### TASK
An exact copy of the lines from the start of the material below through the line containing "В картине зашифровали" is the required answer, and it includes no pictures.
START INFORMATION SHOWN
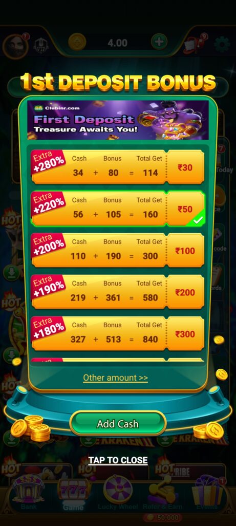- Daily Login Bonus: Har din login karne par coins ya cashback milta hai
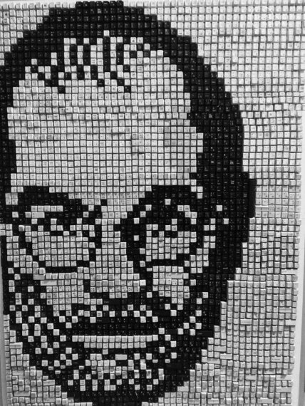 В картине зашифровали несколько слов: Apple, StevenJobs и iPhone. Vонтировали с помощью клеевого пистолета. Размер мозаики - 1 метр 37 см х 99 см. Сейчас портрет повесили в одной из аудиторий. Компания Аpple через соцсети узнала о необычной картине и сейчас хочет приобрести ее.
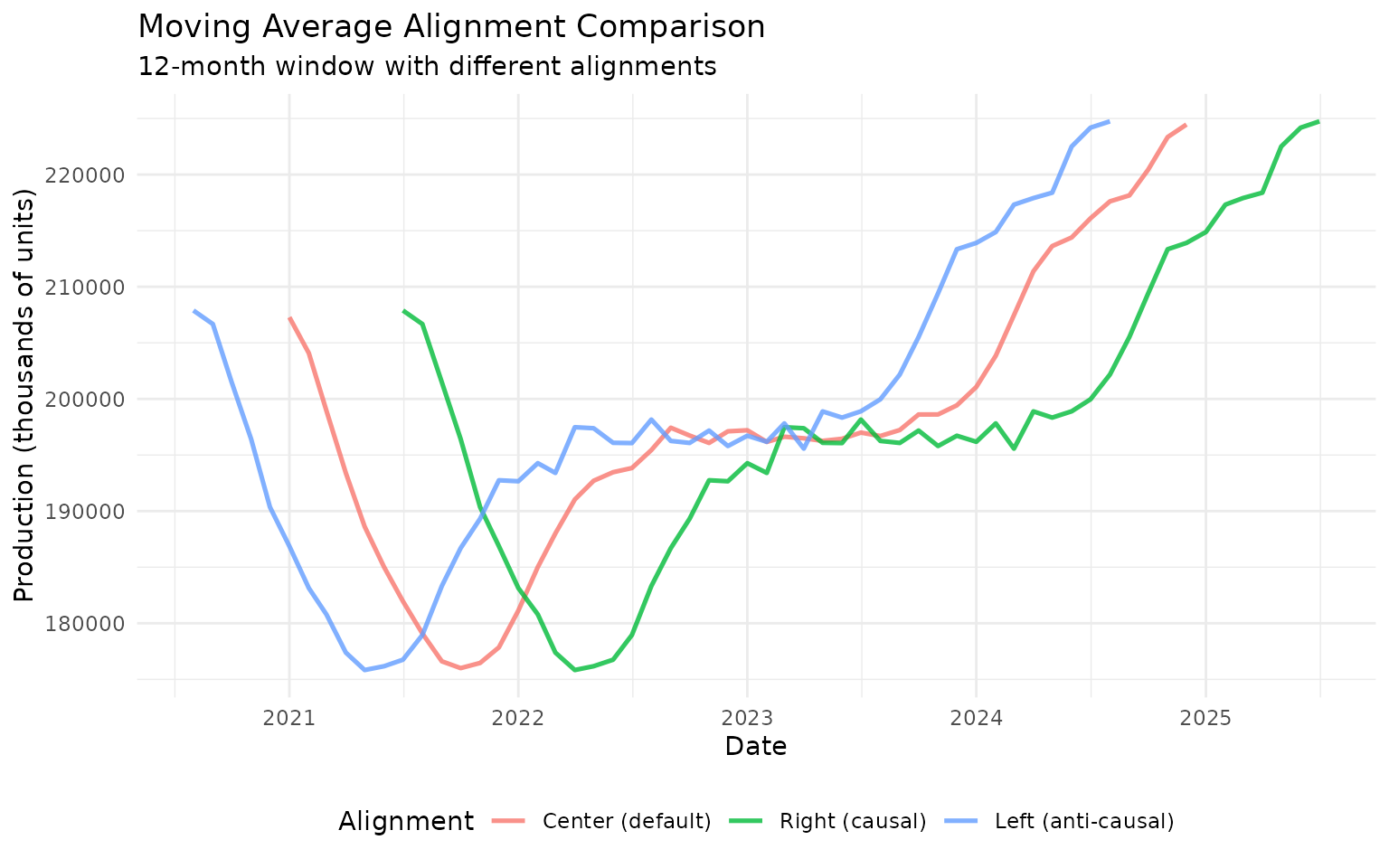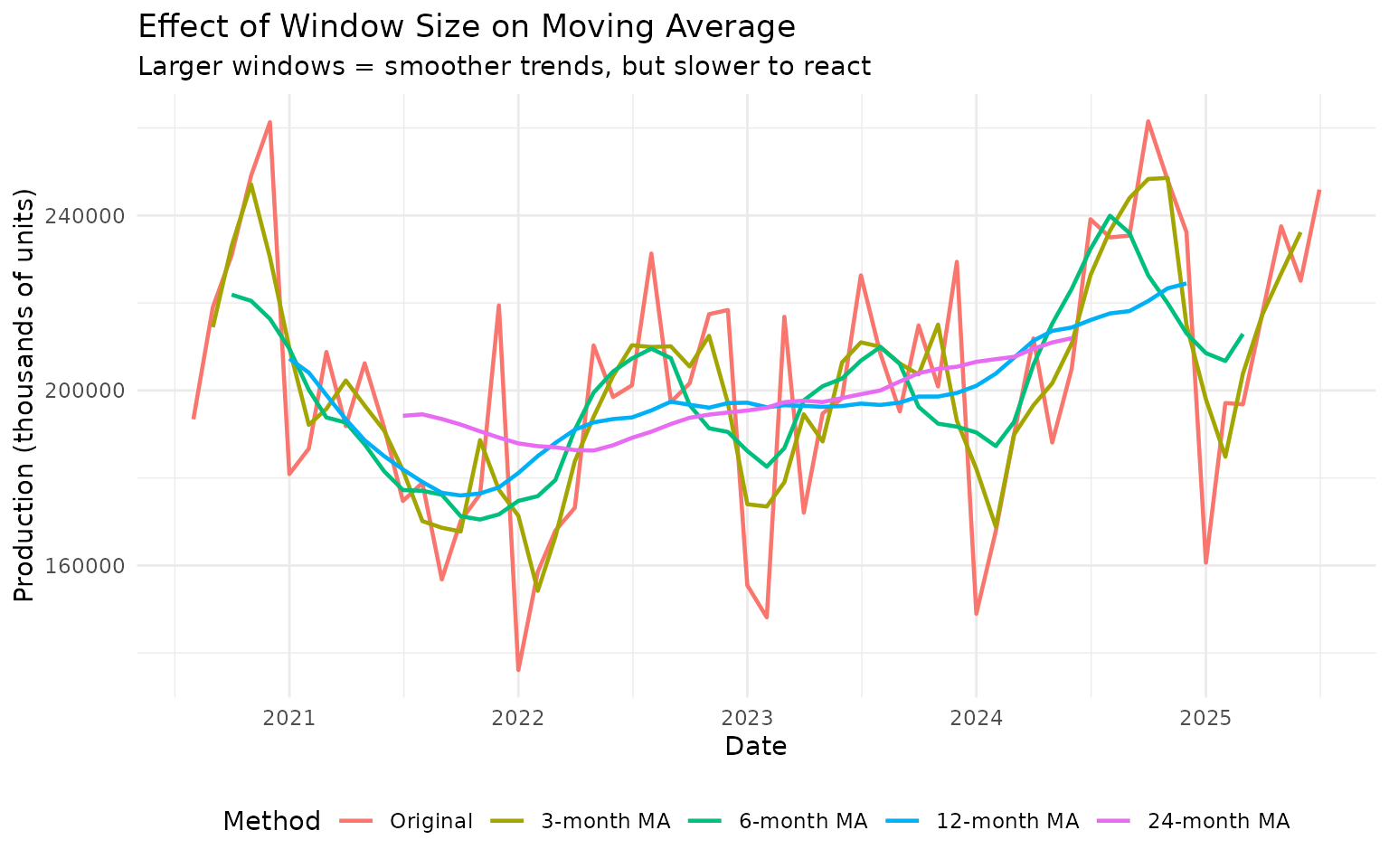 - Medium windows (12): Balance between smoothness and responsiveness (one year for monthly data)
END INFORMATION SHOWN
### WRITTEN RESPONSE
- Daily Login Bonus: Har din login karne par coins ya cashback milta hai
 В картине зашифровали несколько слов: Apple, StevenJobs и iPhone. Vонтировали с помощью клеевого пистолета. Размер мозаики - 1 метр 37 см х 99 см. Сейчас портрет повесили в одной из аудиторий. Компания Аpple через соцсети узнала о необычной картине и сейчас хочет приобрести ее.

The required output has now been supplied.